● **Exercise details**
A word-for-word copy of the data is what's wanted, with no pictures.

● **Records**
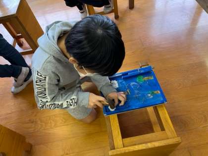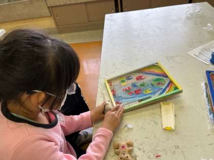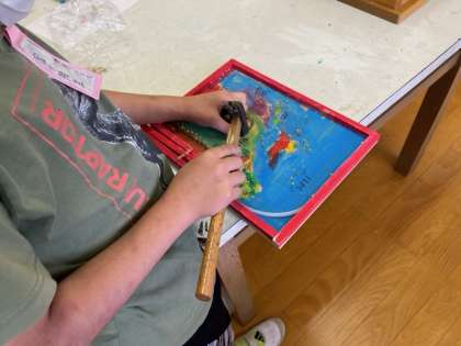 3年生の図工科の時間です。「コリントゲーム」のくぎ打ちを頑張っていました。トントントントン。早くできた人は試しに遊んでいました。
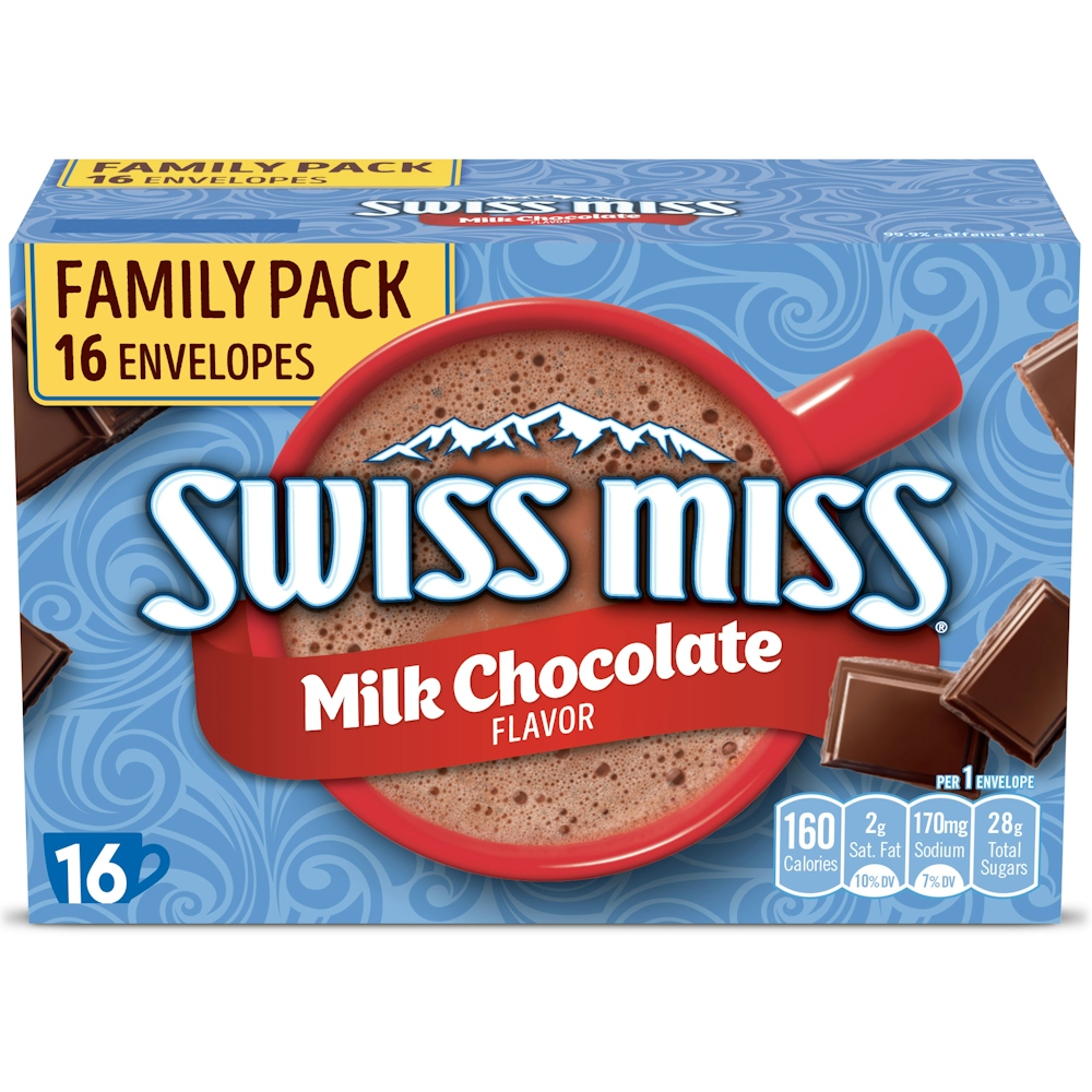 Savor the classic taste of hot cocoa with Swiss Miss Hot Cocoa Drink Mix, Milk Chocolate flavor. Rich, creamy and chocolatey, this hot cocoa mix delights on a cold day or whenever you're craving a mug of hot cocoa. With this family pack box of 16 individual cocoa mix packets, there's plenty to share. Whip up a cup or two by emptying cocoa mix into a mug, adding hot water or milk for a more decadent taste, then stir, sip and savor. When prepared according to package directions, this Swiss Miss cocoa makes a 33% larger mug* than the next leading brand. Swiss Miss Milk Chocolate flavor cocoa contains no artificial sweeteners, preservatives, flavors or colors and is 99.9% caffeine-free.
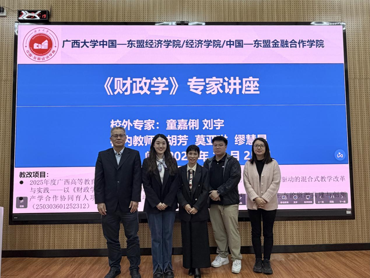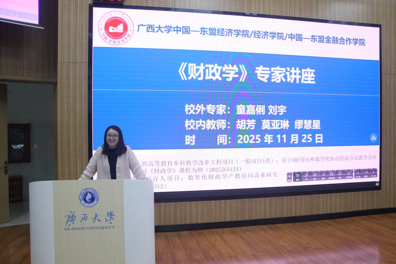 为深化本科生教育教学改革,促进学院各本科专业更好地实现协同育人培养目标,使本科生将课堂所学与实践相结合、提高运用知识的综合能力,2025年11月25日晚,学院在东10A-305智慧教室举办了《财政学》专家讲座,特邀国家税务总局广西壮族自治区税务局童嘉俐和刘宇两位优秀校友返校分享。讲座由《财政学》课程任课教师胡芳副教授主持,任课教师莫亚琳副教授和缪慧星副教授共同出席。麻豆瓜网
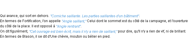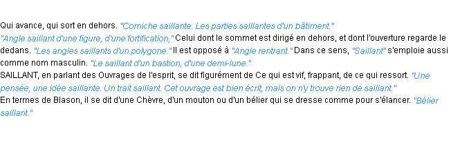 Signification éditée en 1932 pour le terme « saillant » par l’Académie Française.
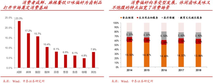 隨著食品消費偏好向享受型發展,休閑鹵味美味又不飽腹的特點拓寬了食品消費的“大場景”,從餐桌佐菜到社交零食,食品消費頻次有望隨著品質型消費升級而陸續提升,根據wind、中泰證券研究所等綜合資訊顯示,消費者的口味關注度比較高,對食品消費的影響力比較大,以鹵制品行業為例,消費者咸鮮、麻辣餐飲口味偏好為鹵制品,這就為其打開市場奠定了消費基礎。

● **Solved problem**
 3年生の図工科の時間です。「コリントゲーム」のくぎ打ちを頑張っていました。トントントントン。早くできた人は試しに遊んでいました。
 Savor the classic taste of hot cocoa with Swiss Miss Hot Cocoa Drink Mix, Milk Chocolate flavor. Rich, creamy and chocolatey, this hot cocoa mix delights on a cold day or whenever you're craving a mug of hot cocoa. With this family pack box of 16 individual cocoa mix packets, there's plenty to share. Whip up a cup or two by emptying cocoa mix into a mug, adding hot water or milk for a more decadent taste, then stir, sip and savor. When prepared according to package directions, this Swiss Miss cocoa makes a 33% larger mug* than the next leading brand. Swiss Miss Milk Chocolate flavor cocoa contains no artificial sweeteners, preservatives, flavors or colors and is 99.9% caffeine-free.
 为深化本科生教育教学改革,促进学院各本科专业更好地实现协同育人培养目标,使本科生将课堂所学与实践相结合、提高运用知识的综合能力,2025年11月25日晚,学院在东10A-305智慧教室举办了《财政学》专家讲座,特邀国家税务总局广西壮族自治区税务局童嘉俐和刘宇两位优秀校友返校分享。讲座由《财政学》课程任课教师胡芳副教授主持,任课教师莫亚琳副教授和缪慧星副教授共同出席。麻豆瓜网
 Signification éditée en 1932 pour le terme « saillant » par l’Académie Française.
 隨著食品消費偏好向享受型發展,休閑鹵味美味又不飽腹的特點拓寬了食品消費的“大場景”,從餐桌佐菜到社交零食,食品消費頻次有望隨著品質型消費升級而陸續提升,根據wind、中泰證券研究所等綜合資訊顯示,消費者的口味關注度比較高,對食品消費的影響力比較大,以鹵制品行業為例,消費者咸鮮、麻辣餐飲口味偏好為鹵制品,這就為其打開市場奠定了消費基礎。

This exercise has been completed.